Healing from Flickr via Wylio
© 2009 Dare*2*Dream, Flickr | CC-BY-SA | via Wylio

But the reality is that there are almost a half million children in the foster care system in the US today.  More than a third of them are adoptable if someone would step up.  And thinking about these numbers crushes me.  Because I know that it is more than just a massive number, that each precious one has a face, a story, a name.  And I am reminded of this by thinking about the six little ones that we have been able to serve so far in our time as foster parents.  And I know that each one of these nearly 500,000 children is precious, made by God, with potential to know Him and be known by Him.

And then I think about how my God is the Father of the fatherless.  I remember that he has tender care for the orphan, the afflicted and the needy.  And I think about how he has transferred his heart, his compassion for "the least of these" to my heart, and that I need to reflect his love for them by pouring out my life for them.
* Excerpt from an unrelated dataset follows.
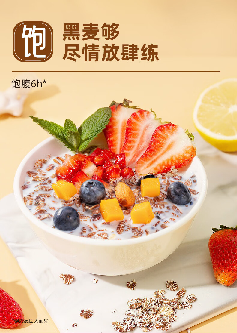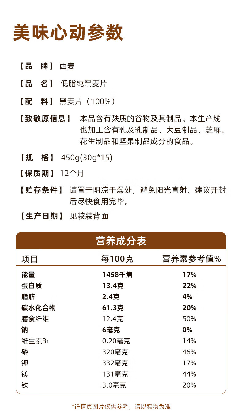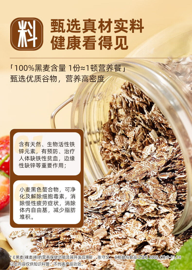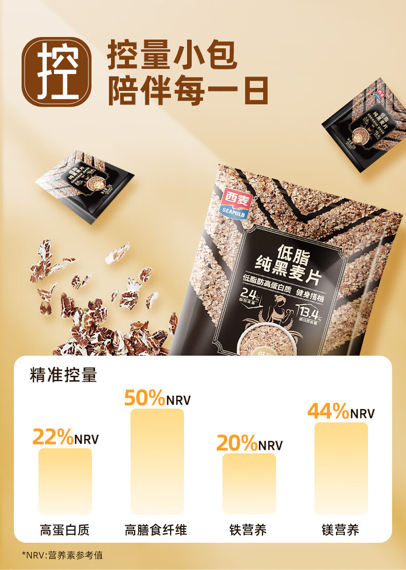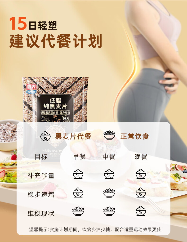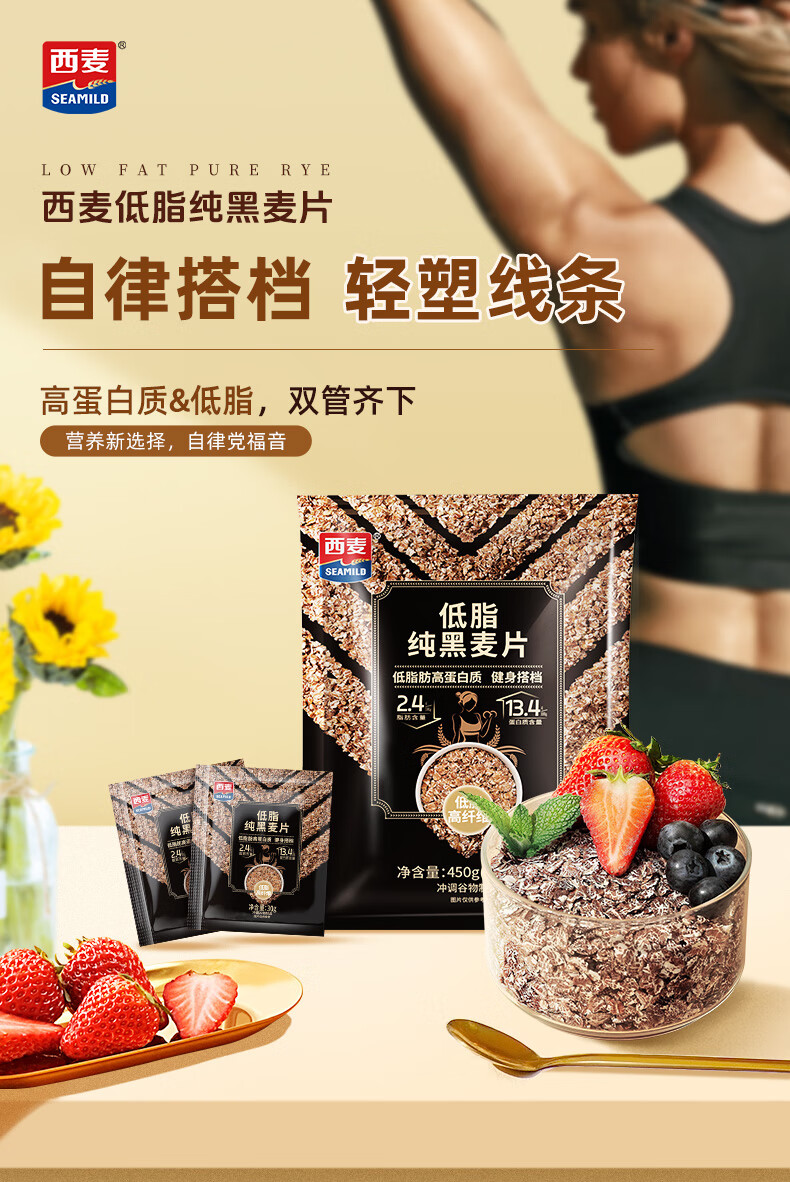 西麦低脂纯黑麦片450g 高纤健身代餐即食谷物早餐麦片无添加蔗糖

Most importantly, I remember that Jesus says that he came to bind up the broken hearted.  That implies that it is an expectation that as Christians, our hearts will be broken.  If you do any kind of ministry, any thing to serve others, your heart WILL be broken.  But the good news is: Jesus will bind it up.  And each time he binds up my broken heart, I find that it is actually a better heart than it was before the breaking.

So, Christian, don't play it safe.  Don't keep your heart in a little protective box, away from the sin and dirt of the word.  Put it out there.  Let it get stomped on, kicked around and beaten up.  Because you have the promise that Jesus will bind it up, and the promise that our work for the gospel and the inevitable trials that come with it will be rewarded in heaven.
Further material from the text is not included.